I reviewed incoming applications during one Oxbridge academic application cycle, I raised some serious concerns, nobody listened, and therefore I refuse to take part of that any longer. Basically, lots of students are pretending to be disabled to enhance the chances of applications that would not be particularly outstanding, taking spots from truly disabled students.

All it takes is lack of principles, exaggerating a bit, and getting a letter from a doctor. Imagine you have poor eyesight requiring a substantial correction, but you can still drive. That's not a disability. Now, if you create a compelling story inflating how this had an adverse impact on your education and get support letters, you might successfully cheat the system. I have seen several such cases. The admissions system is not effectively dealing with this type of fraud.

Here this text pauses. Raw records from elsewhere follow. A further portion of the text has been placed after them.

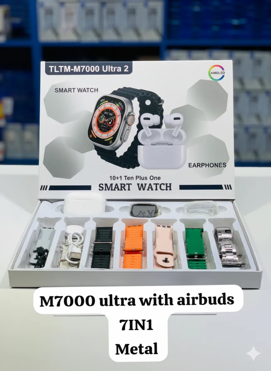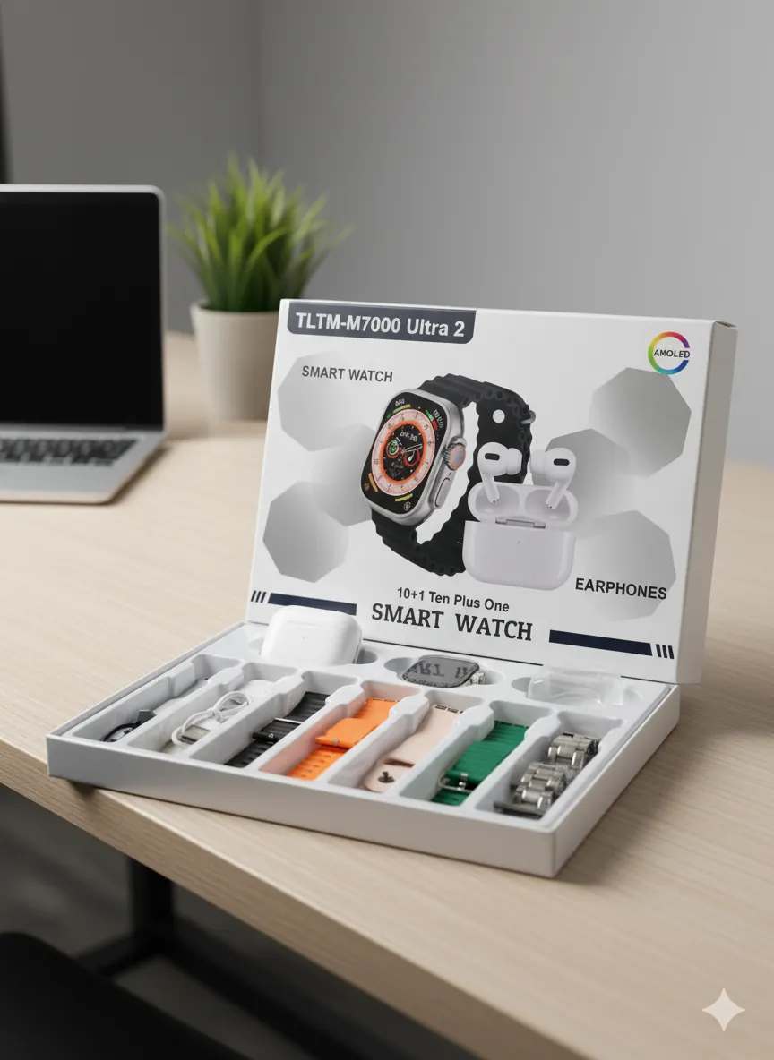 Elevate your digital lifestyle with the TLTM-M7000 Ultra 2 Smart Watch 7-in-1 Combo. This premium set provides exceptional value, packaging a high-performance smartwatch with a vivid AMOLED screen, Bluetooth calling capability, and extensive health monitoring features. The 7IN1 set includes the smart watch unit, a pair of compatible Airbuds (wireless earphones) for seamless audio and calls, a wireless charging cable, and a collection of multiple interchangeable straps (including metal and various silicone colors) to match any outfit or activity. Perfect for fitness enthusiasts, tech-savvy users, and anyone seeking a versatile and stylish wearable. Stay connected, track your fitness, and enjoy your music—all from one luxurious box.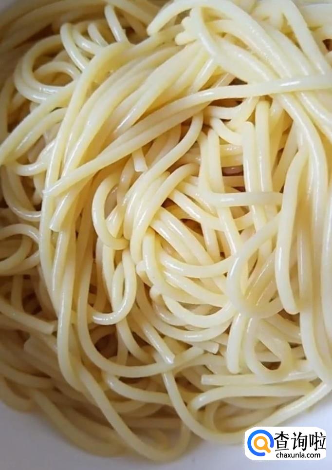 首先我们将意大利面放入开水锅中,放入适量的盐,煮熟捞出过凉,控干水分,放入碗中备用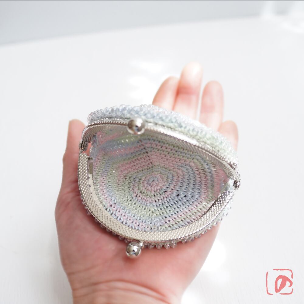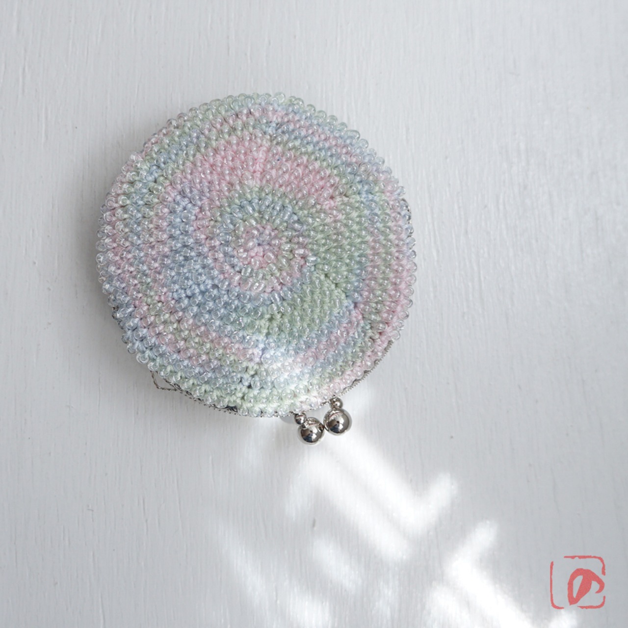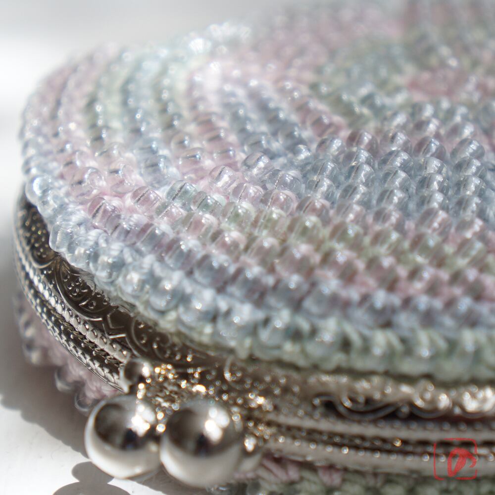 やさしい色合いの段染糸がクリアビーズに透けてキレイな編み地。
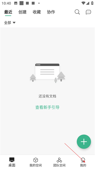 1、在文档界面底部点击【我的】进入个人页,可查看【新手引导】,也能通过绿色加号按钮创建新文档。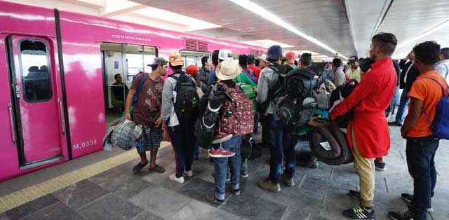 ▲ Parte de los cientos de migrantes de Centroamérica que llegaron ayer a la capital del país fueron trasladados en el Metro hacia al albergue instalado en la Magdalena Mixhuca, el cual se vio ayer rebasado en su capacidad. Muchos venían en familia, visiblemente cansados, cargando mochilas, cobijas y bolsas con comida que les regalaron en el camino. Foto Alfredo Domínguez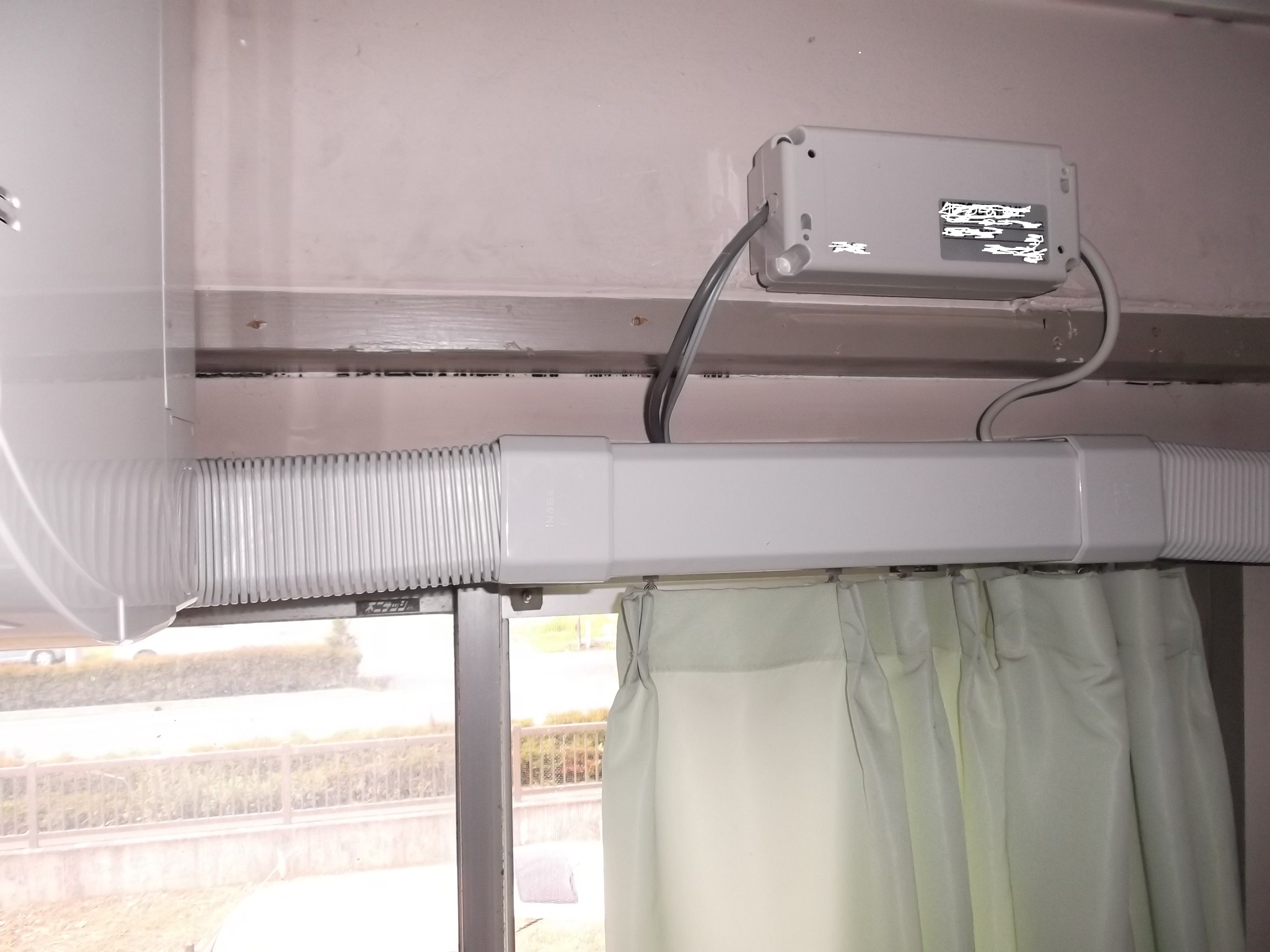 左がエアコンの室内機です。 室内用の配管カバーが横引きされて撮り付けていますが、左右のジャバラのカバーが下に下がっています。 傾斜がゆる過ぎてドレン排水が完全に流れないで「溜まり水」になり、クレームの「カビ臭い」の原因がこれでした。 私、取り付けていません、、。 「調べて欲しいい」と言われましたので、、、。 横引きが1メーター以上在り、傾斜が取れなければ、こんな事にもなります。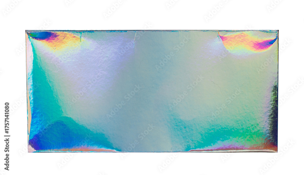 Vintage rectangle holographic shiny sticker. Original foil hologram label seal. Realistic photography, png isolated on transparent background.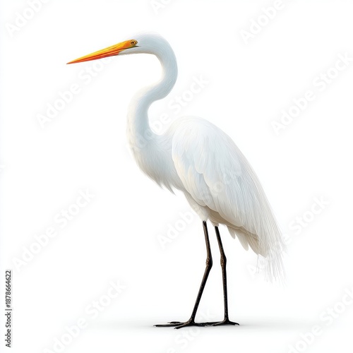 © Yothin, Fototapeta premium Elegant Great Egret Standing Tall White Plumage Black Legs Orange Beak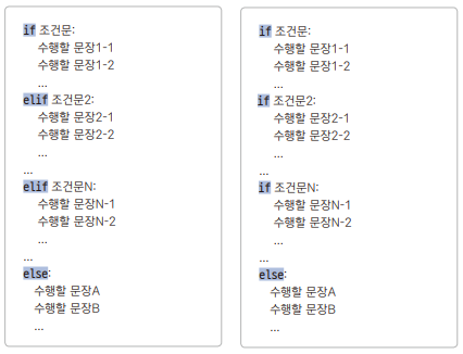 아래를 참고하여, if ~ if 조건문과 if ~ elif 조건문의 차이점을 설명하세요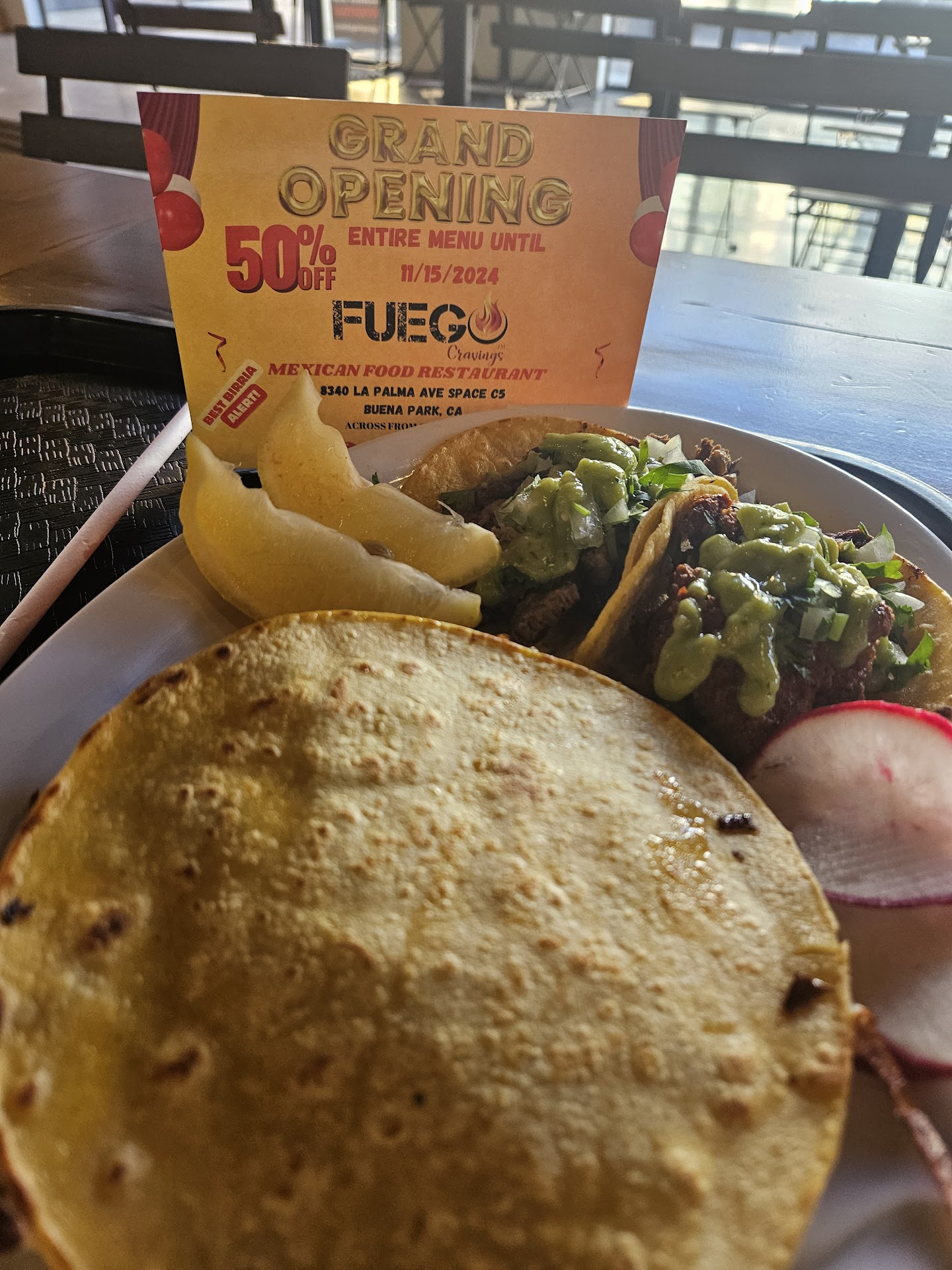 Read moreWent to Fuego Cravings in Buena Park and won’t be coming back. The staff had an attitude and no manners — not welcoming at all. Kitchen area is a mess with filthy floors and boxes scattered everywhere. The beans tasted like they came straight out of a can, and the nachos looked like something from a gas station that’s been sitting for hours. Definitely not worth the price for the low quality food served. I've had better frozen microwavable tacos and burritos compared to this place. The only great thing about coming here was...
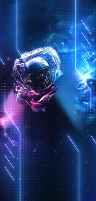 Explore the cosmos with this stunning wallpaper featuring an astronaut amidst vibrant blue and pink hues, perfect for tech enthusiasts and space lovers seeking a dynamic mobile background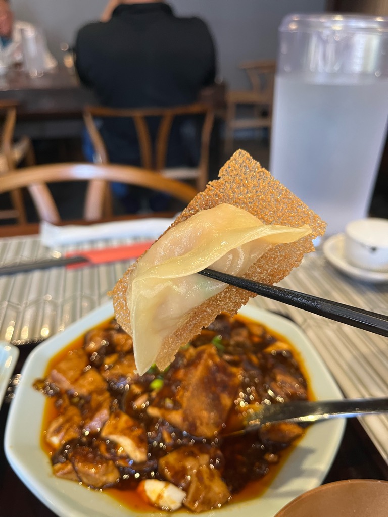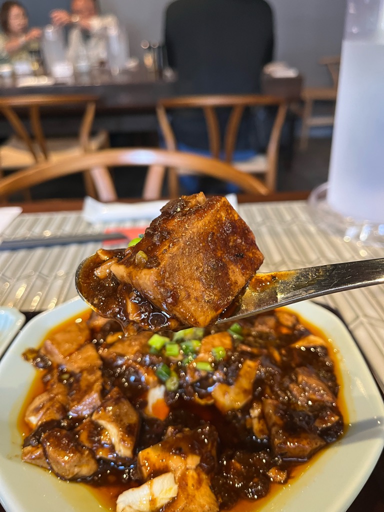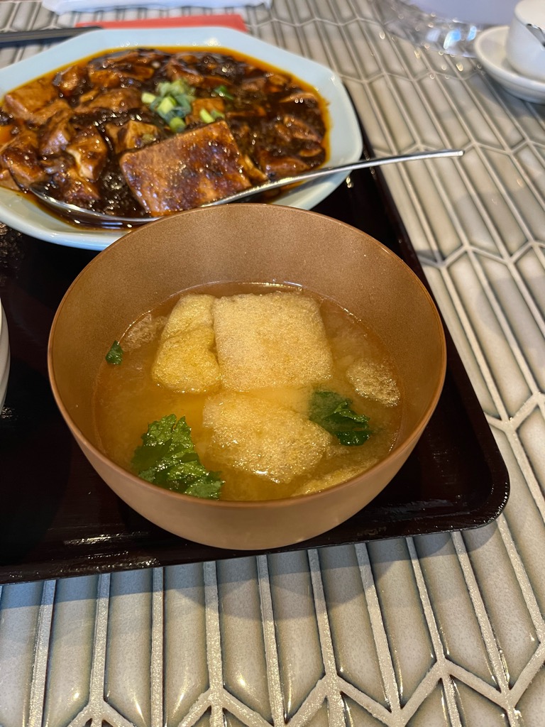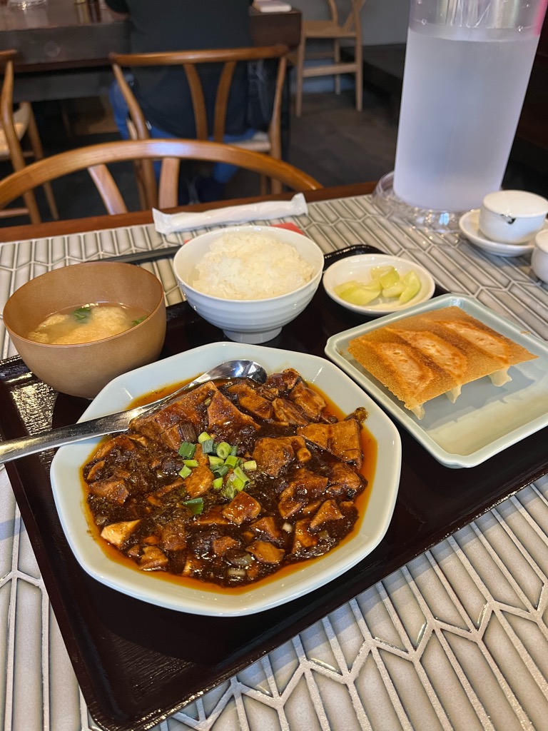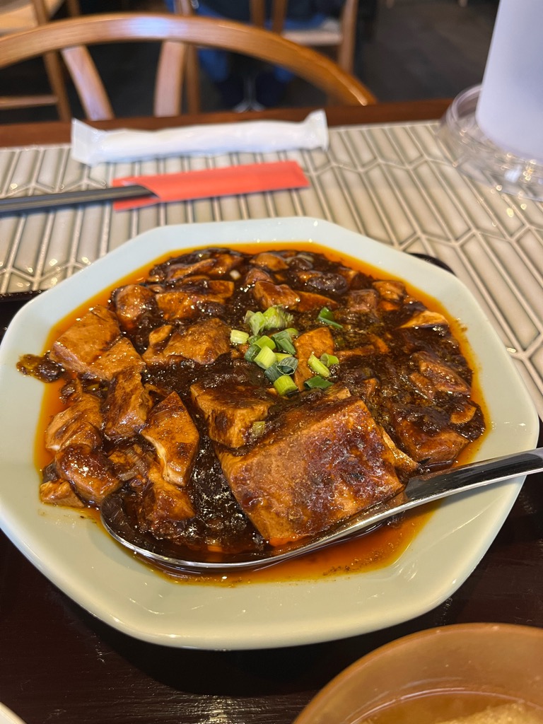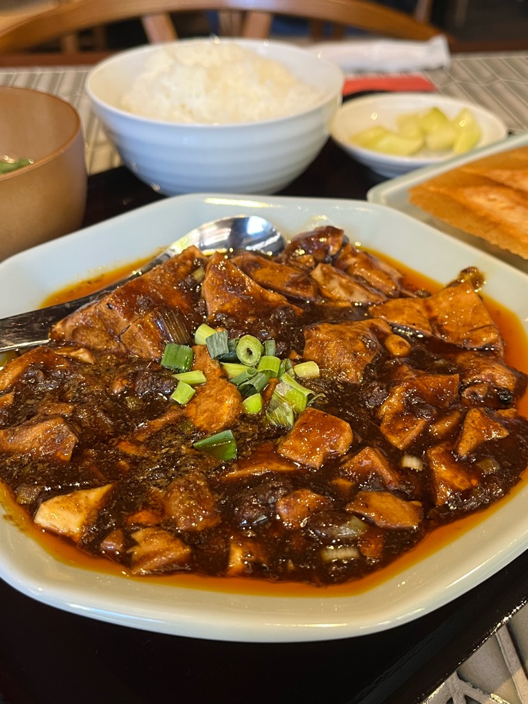 麻婆豆腐は山椒(花椒)の甘く痺れる香りがふんわりと漂い、その奥に挽き肉の旨味と甘辛さが控えめに潜む印象。

ahtihn an hour ago | parent | next [-]

> Imagine you have poor eyesight requiring a substantial correction, but you can still drive. That's not a disability

It absolutely is a disability! The fact that it's easy to deal with it doesn't change that fact.

I would not find it credible that it has a real impact on education though.

reliabilityguy 38 minutes ago | parent | prev [-]

> The admissions system is not effectively dealing with this type of fraud.

If I was the university I would prefer these types of disabled students. Why not:

1. They are not really disabled, so I do not have to spend a lot of many for real accommodations

2. No need to deal with a higher chance (I’m guessing here) of academic difficulties

3. Basically, I hit disability metric without paying any cost!